Wie Drogen und Psychosen das Leben meines Sohnes und unsere Familie veränderten 


Was das System vergisst: Die andere Seite der Geschichte

Juni 2025

Wenn Angehörige nicht vorgesehen sind
Ich begleite meinen Sohn, seit er 13 ist, seitdem er angefangen hat, Drogen zu konsumieren.
Schon damals, obwohl er noch minderjährig war, habe ich gespürt: Das Hilfesystem tut sich schwer mit Angehörigen.
Ich war nicht nur die Mutter. Ich war diejenige, die alles auffing, die nachts wach lag, die Termine machte, die Zusammenbrüche auffing und trotzdem war ich oft außen vor.
Nicht gefragt. Nicht informiert. Manchmal sogar misstrauisch beäugt.
Mit der Volljährigkeit wurde es nicht besser, eher noch schlimmer.
Schweigepflicht, Datenschutz, Systemlogik.
Was als Schutz gedacht ist, wird zur Wand. Und wir Angehörigen stehen davor. Leise. Müde. Oft ohnmächtig.
Seitdem sind viele Jahre vergangen.
Ich habe Kliniken erlebt, Entgiftungen, BeWo, Rückfälle, Haft, Forensik. Ich habe getragen, geschwiegen, gehofft, protestiert, mich zusammengerissen, weil es niemand sonst getan hätte.
Heute weiß ich: Angehörige wie ich sind im System nicht vorgesehen. Wir sind da, ja… aber nicht als Teil der Versorgung, sondern oft als Störfaktor.
Wenn wir etwas sagen, stören wir. Wenn wir nichts sagen, sind wir gleichgültig. Egal, was wir tun, es passt selten ins System.
Erst in der Selbsthilfe, in Elternkreisen habe ich erlebt, dass ich mit diesen Erfahrungen nicht allein bin. Dort wird zugehört, dort wird verstanden, dort darf man ehrlich sein.
Und genau deshalb schreibe ich hier. Diese Seite ist meine Stimme. Und sie ist auch eine Einladung.

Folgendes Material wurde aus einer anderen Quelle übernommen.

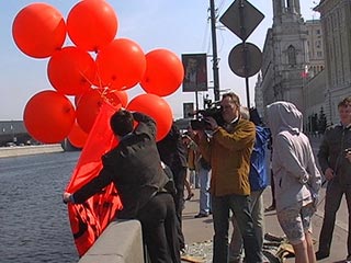 據(jù)俄羅斯新聞網(wǎng)報(bào)道,俄羅斯反對(duì)黨“團(tuán)結(jié)運(yùn)動(dòng)”組織成員4月28日在克里姆林宮前舉行了聲勢(shì)浩大的反政府游行活動(dòng)。期間,3名“團(tuán)結(jié)運(yùn)動(dòng)”的積極分子在克里姆林宮附近的河岸邊懸掛紅色的巨型橫幅,上面印有:“梅德維杰夫,辭去普京總理職務(wù)!弊謽樱瑱M幅兩邊系有紅色的氣球,橫幅下部印有“團(tuán)結(jié)運(yùn)動(dòng)”組織的徽標(biāo)。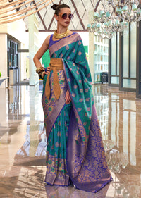 Teal Blue Woven Handloom Banarasi Silk Saree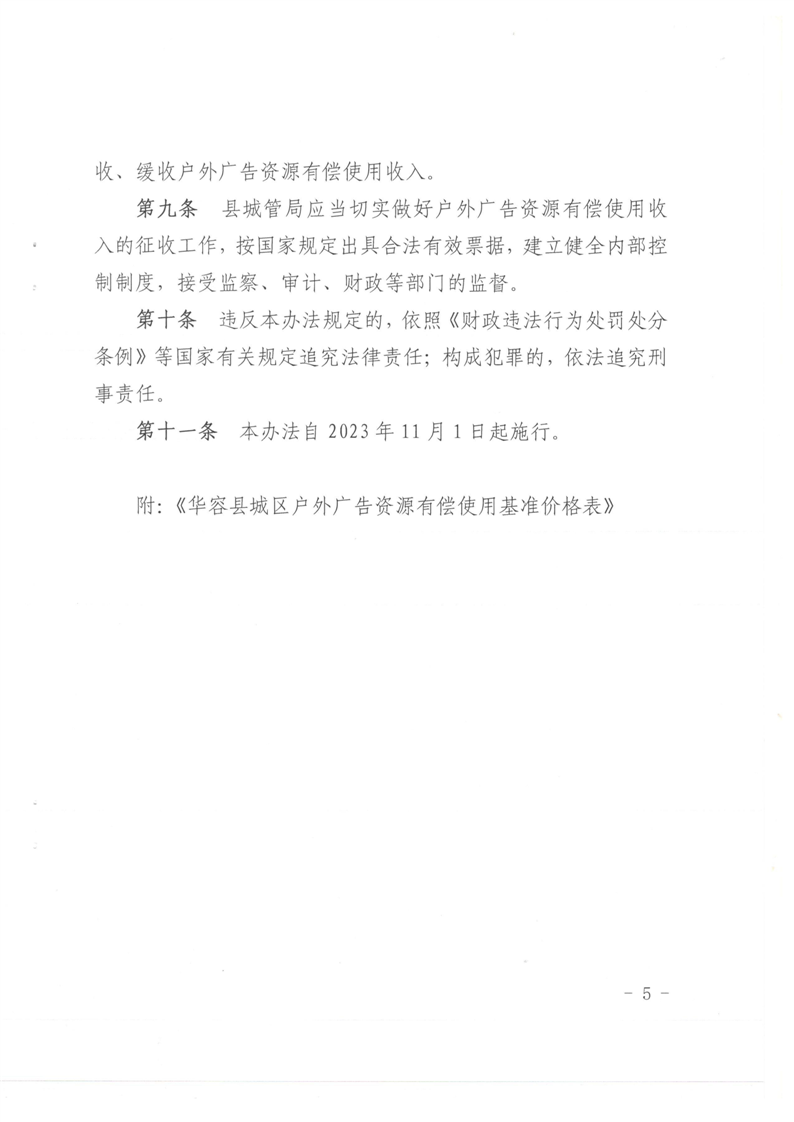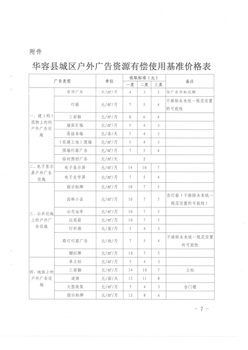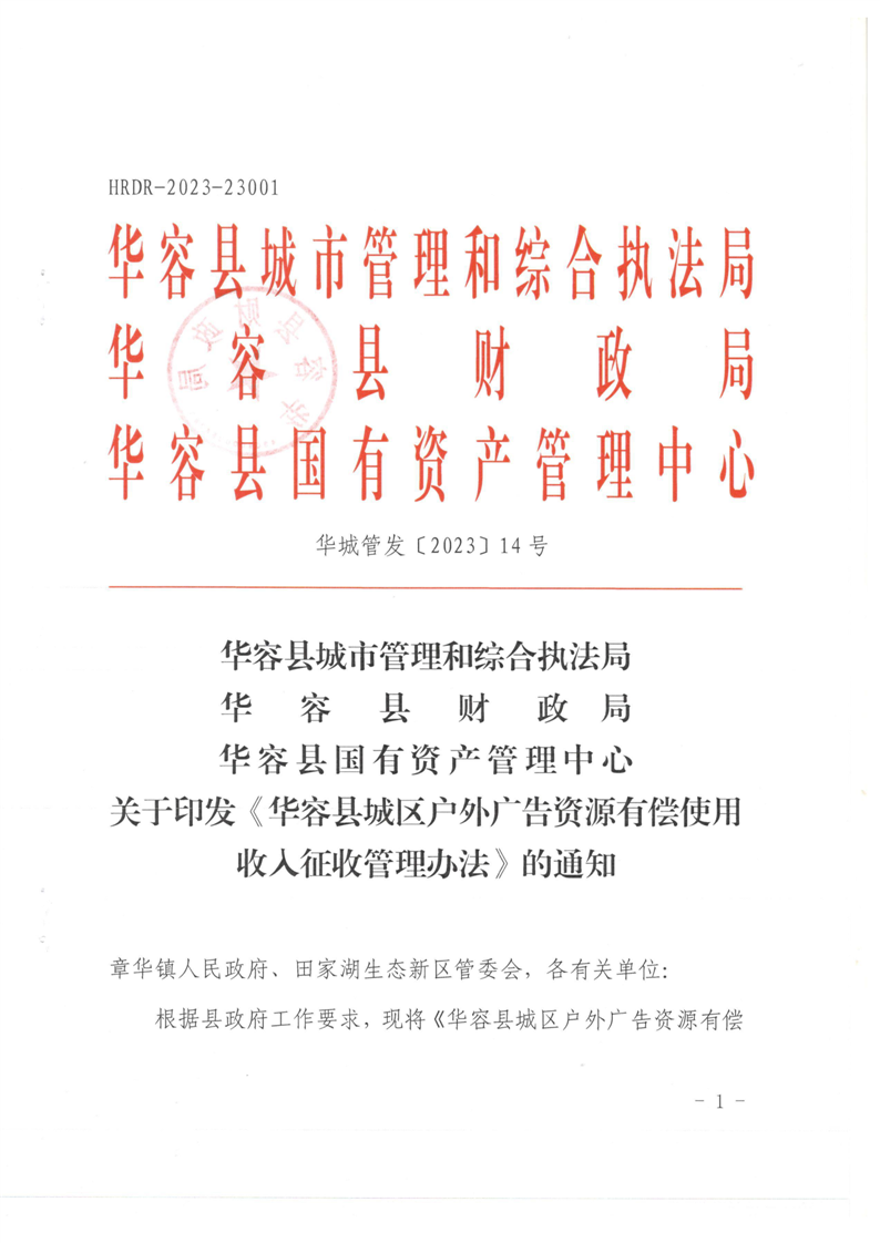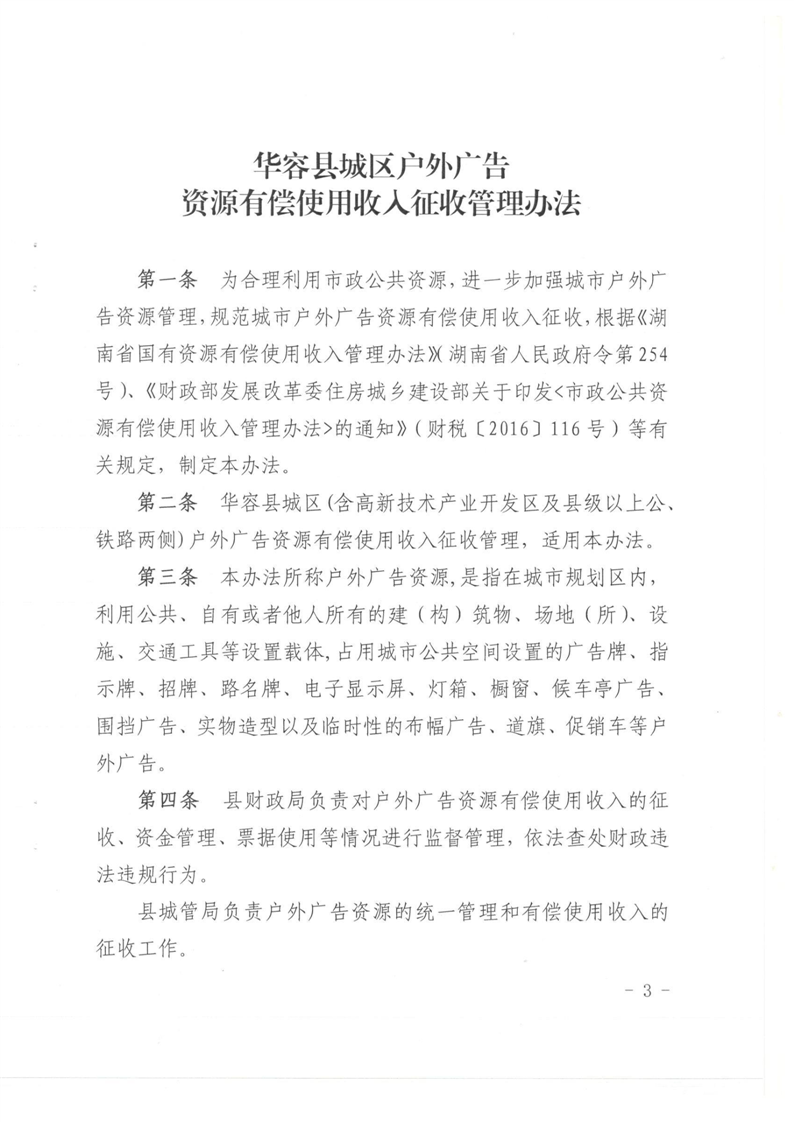 关于印发《华容县城区户外广告资源有偿使用收入征收管理办法》的通知

An alle, die mittragen.

An alle, die übersehen werden. An alle, die spüren, dass da was schiefläuft, aber es nie aussprechen durften.
Denn wir sind nicht das Problem. Wir könnten ein Teil der Lösung sein…. Wenn man uns lassen würde.


Juli2025

Wenn gute Projekte Hoffnung machen – und trotzdem nicht reichen

Bei der trialogischen Fachtagung der Arwed, wurde auch das Berliner Projekt "FriDA" vorgestellt.
Ein Konzept für Jugendliche zwischen 14 und 21 Jahren, suchtgefährdet oder bereits abhängig und ihre Eltern.
Und ja, "FriDA" scheint wirklich gut zu funktionieren.
Da wird mit Jugendlichen gearbeitet, mit Eltern, gemeinsam oder auch erstmal getrennt – je nachdem, was gerade tragbar ist.
Man spürt: Da will jemand wirklich Familien mitnehmen. Nicht nur am Rande, sondern mittendrin.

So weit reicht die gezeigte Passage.